Study: Effect of ultra-processed food consumption on reward processing and energy intake: Background, design, and methods of a controlled feeding trial in adolescents and young adults.  Image credit: Celso Bobo/ShutterstockStudy: Effect of ultra-processed food consumption on reward processing and energy intake: Background, design, and methods of a controlled feeding trial in adolescents and young adults. Image credit: Celso Bobo/Shutterstock

UPF foods have high rewards but little nutrition

Research in humans and rats has shown how processed foods can affect the brain’s dopamine system. Mice fed bacon and ice cream quickly gained weight, which was thought to be related to decreased functioning of striatal dopamine D2 receptors (D2R) located in the striatum, an area of ​​the brain associated with moderate food intake and reward.

Animals fed high-sugar diets and humans exposed to foods high in fat and sugar show similar effects. The finding that humans with a high body mass index (BMI) have reduced D2R function suggests a role for UPF in increased EI, which may lead to overweight and obesity.

However, only one trial has examined this relationship in adult humans, and no research has focused on how UPF consumption in early adulthood may alter brain chemistry and modify how people perceive reward from food.

These changes, which occur during the crucial transitional period between childhood and adulthood, have implications throughout an individual’s life as cognitive processes such as inhibitory control mature at this age. Thus, UPF can modify executive function (EF) related to inhibitory control, working memory, and cognitive flexibility, leading people to eat more food when they are not hungry.

Exploring how UPF affects EF in young people

The ongoing clinical trial will recruit participants between the ages of 18 and 25 who are either sedentary or recreationally active. Individuals with food allergies will not be included. During the hiring process, physical examinations and nutritional recall information will be evaluated. Participants will also be scanned through a mock functional magnetic resonance imaging (fMRI) scan to ensure they do not suffer from claustrophobia.

Essentially, researchers will collect data on body weight and composition, perform functional MRI, and ask participants to complete delay discounting tasks and cognitive EF tasks. They estimate that they will need 32 participants at the beginning of the study to account for attrition and to ensure that they have at least 26 participants and sufficient statistical power for causal inference.
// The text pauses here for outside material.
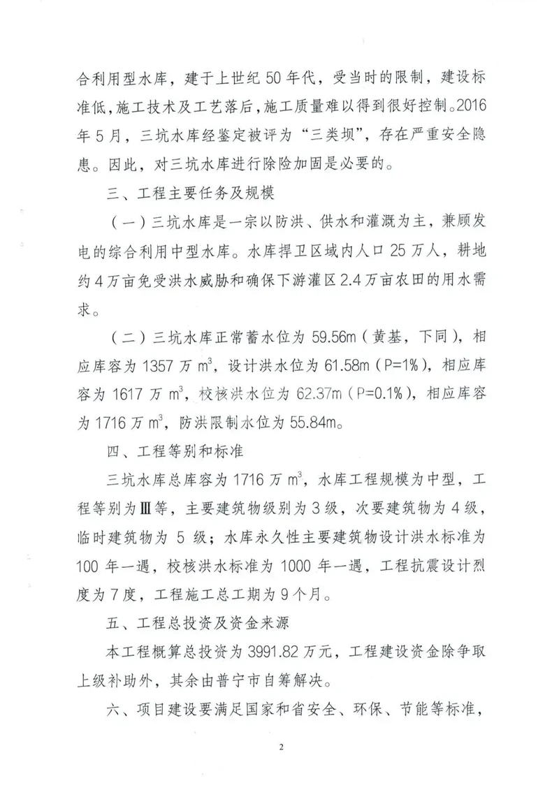 据了解,三坑水库是一宗以防洪、供水和灌溉为主,兼顾发电的综合利用型水库,建于上世纪50年代,受当时的限制,建设标准低,施工技术及工艺落后,施工质量难以得到很好控制。2016年5月,三坑水库经鉴定被评为“三类坝”, 存在严重安全隐患。因此,对三坑水库进行除险加固是必要的。(一)三坑水库是一宗以防洪、供水和灌溉为主,兼顾发电的综合利用中型水库。水库捍卫区域内人口25万人,耕地约4万亩免受洪水威胁和确保下游灌区2. 4万亩农田的用水需求。(二)三坑水库正常蓄水位为 59. 56m(黄基,下同), 相应库容为1357万㎡, 设计洪水位为61. 58m(P=1%), 相应库容为1617万㎡, 校核洪水位为62. 37m(P=0. 1%), 相应库容为1716万㎡, 防洪限制水位为55. 84m。三坑水库总库容为1716万㎡, 水库工程规模为中型,工程等别为III等,主要建筑物级别为3级,次要建筑物为4级,临时建筑物为5级;水库永久性主要建筑物设计洪水标准为100年一遇,校核洪水标准为 1000年一遇,工程抗震设计烈度为7度,工程施工总工期为9个月。本工程概算总投资为3991. 82万元,工程建设资金除争取上级补助外,其余由普宁市自筹解决。

All participants will then be put on two diets, each for two weeks. On one diet, participants would get 81% of their EI from UPF, while the other diet would have no UPF. These diets will be designed to be similar in overall quality, nutrients, texture and palatability and are formulated to maintain weight. It will contain 15% protein, 35% fat and 50% carbohydrates.

Participants will eat breakfast in the lab Monday through Saturday and will have food for the rest of the day. Sunday meals will be provided in advance. Any remaining food will be returned to the laboratory, and consumption, deviation and compliance data will be recorded.

In addition to meals, participants will be offered a choice of snacks and buffet meals to rate their preferences between UPF and non-UPF foods. There will be a four-week “washout period” between the two controlled feeding periods. After each feeding period, an fMRI will be performed again, and physical measurements and cognitive performance will be noted. For four days of each diet, participants will wear an accelerometer for physical activity measurements.

Researchers will study the mechanisms by which the UPF modulates reward processing. They will explore the body’s blood oxygen level-dependent (BOLD) response, as well as EI between meals, using statistical methods such as analysis of variance (ANOVA) with mixed effects and generalized linear mixed models.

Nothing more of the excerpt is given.